Provided data:

*** Begin section ***

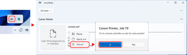 Om ovanstående skärm inte visas dubbelklickar du på skrivarikonen i Windows meddelandefält och väljer dokumentet som ska avbrytas. Klicka sedan på
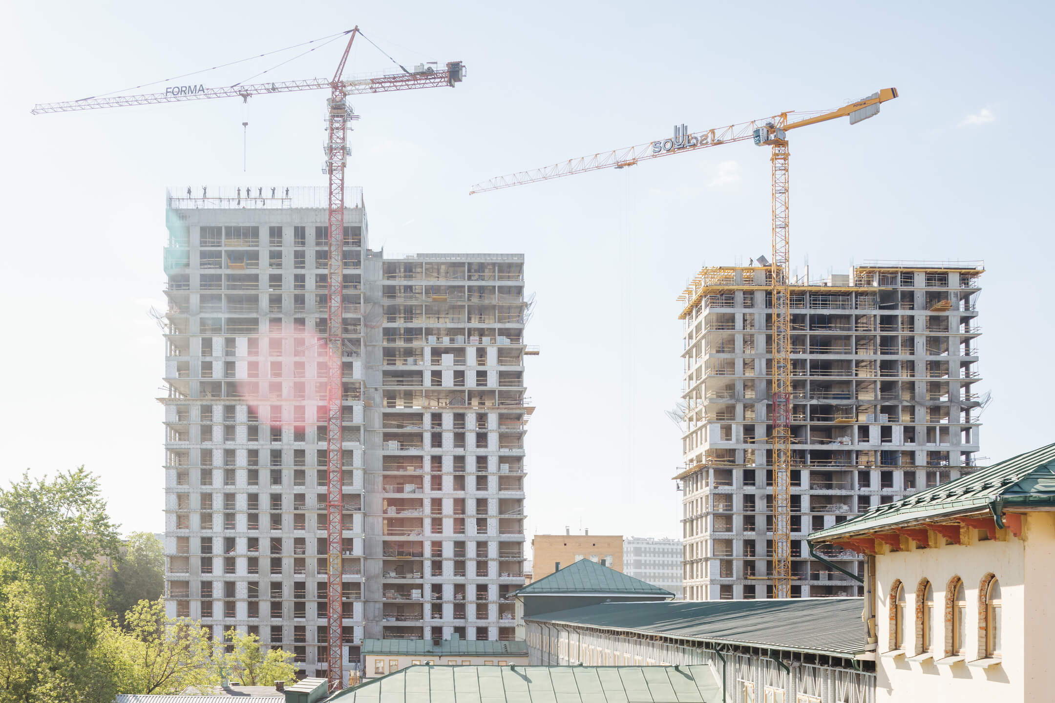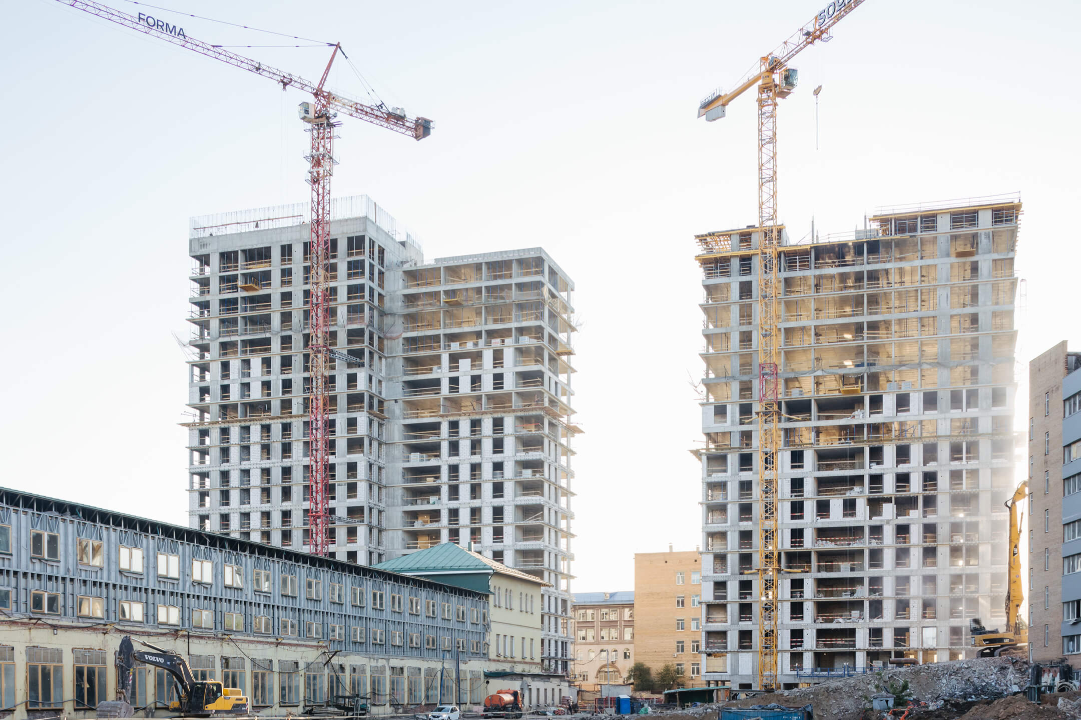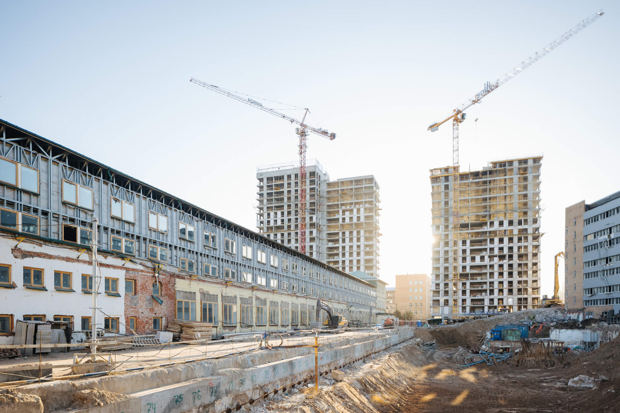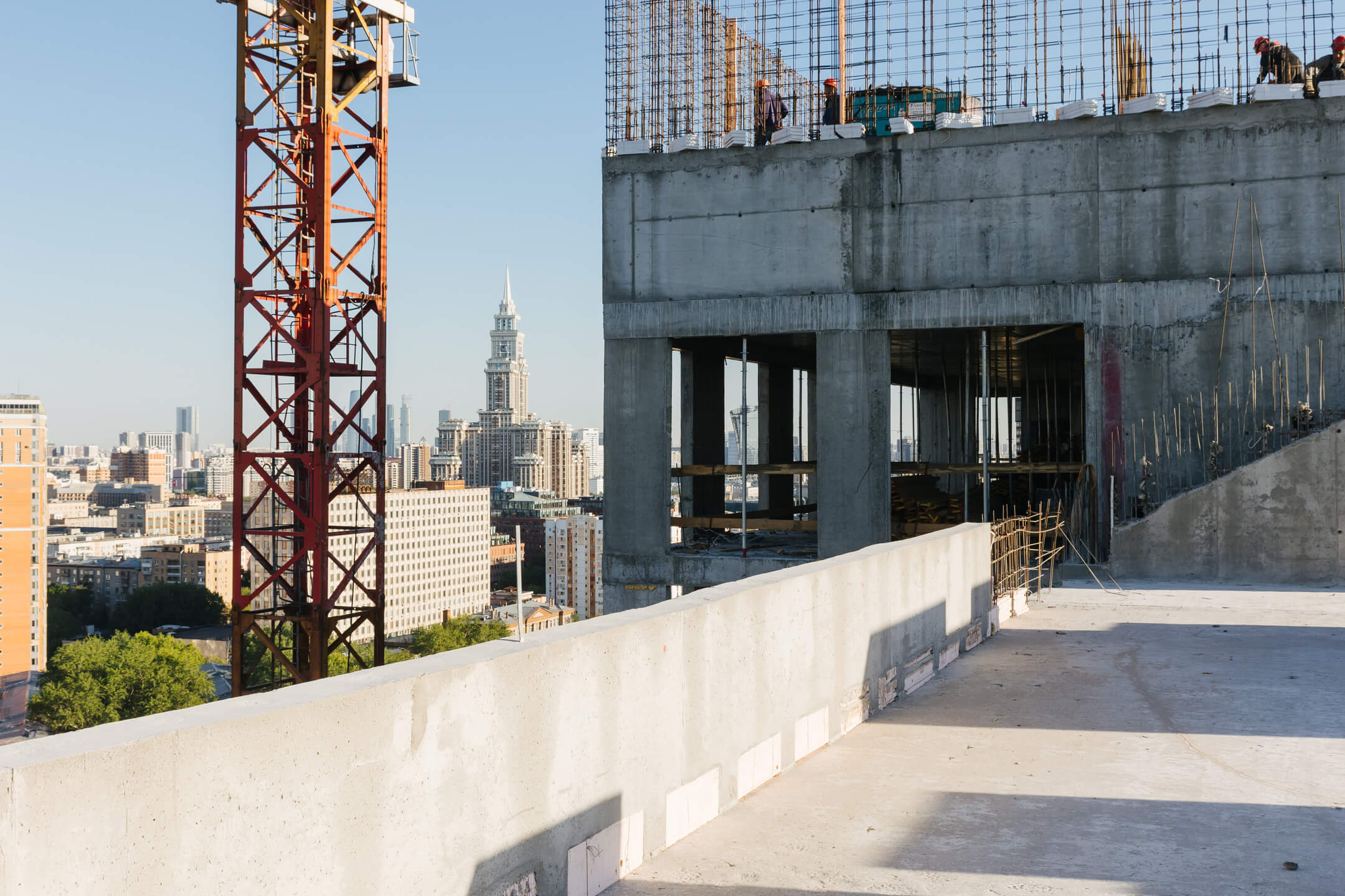 Этап 1.1 (паркинг): армирование/бетонирование стен и покрытия паркинга и рампы. Гидроизоляция наружных стен и кровли стилобата. Устройство пристенного дренажа, прокладка наружных инженерных систем. Отсыпка пазух котлована, кладка стен и перегородок подземного этажа. Отделка технических помещений. Ведутся работы по устройству отопления, вентиляции, противопожарного водопровода в рамках внутренних инженерных систем.
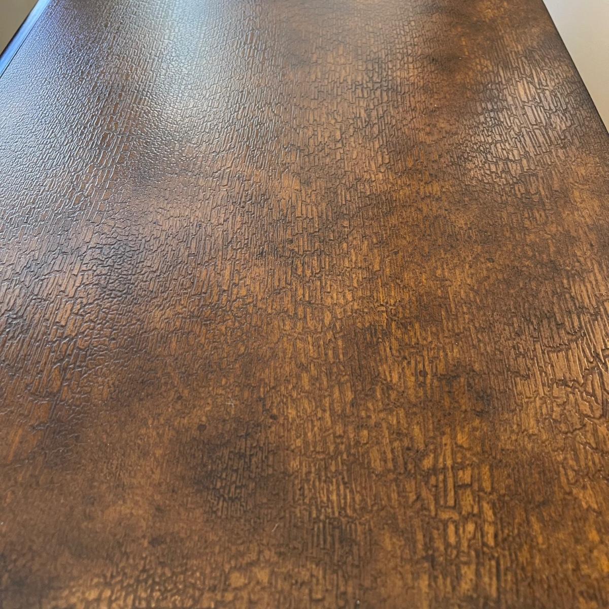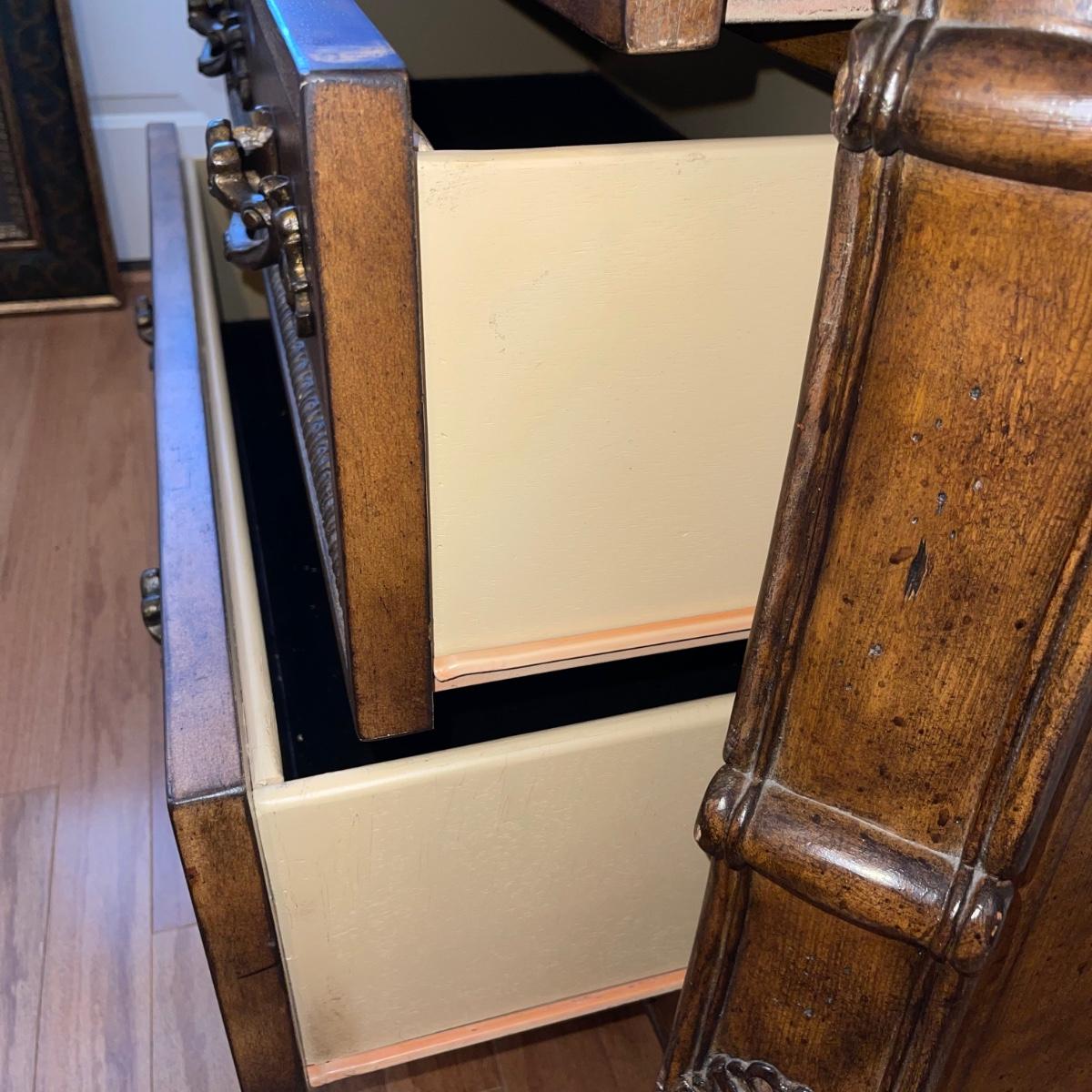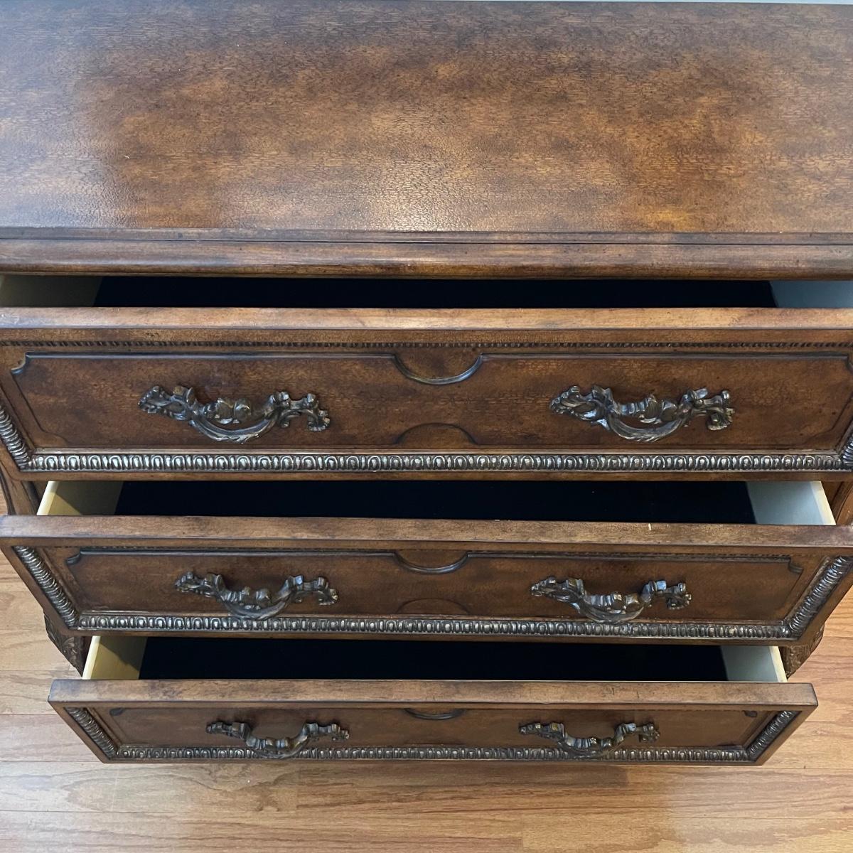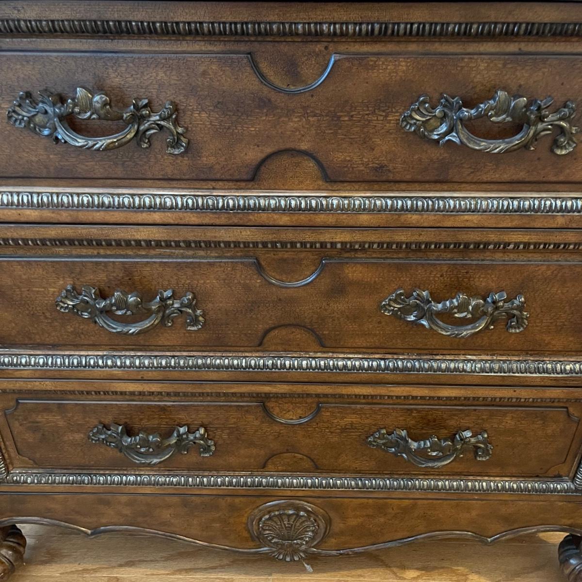 Large three drawer dresser with round feet wooden with decorative detailing. Made of solid wood with painted sides on the drawers, a veneer top and aged bronzed colored metal handles. It is about 48” x 21” x 38”. There is no noticeable brand name or signature on the back or inside the drawers.

*** End section ***

What is expected: Restate the data word for word from its first line through the line with "Этап 1.1 (паркинг): армирование/бетонирование", leaving out any picture along the way.

Finished exercise:
 Om ovanstående skärm inte visas dubbelklickar du på skrivarikonen i Windows meddelandefält och väljer dokumentet som ska avbrytas. Klicka sedan på
 Этап 1.1 (паркинг): армирование/бетонирование стен и покрытия паркинга и рампы. Гидроизоляция наружных стен и кровли стилобата. Устройство пристенного дренажа, прокладка наружных инженерных систем. Отсыпка пазух котлована, кладка стен и перегородок подземного этажа. Отделка технических помещений. Ведутся работы по устройству отопления, вентиляции, противопожарного водопровода в рамках внутренних инженерных систем.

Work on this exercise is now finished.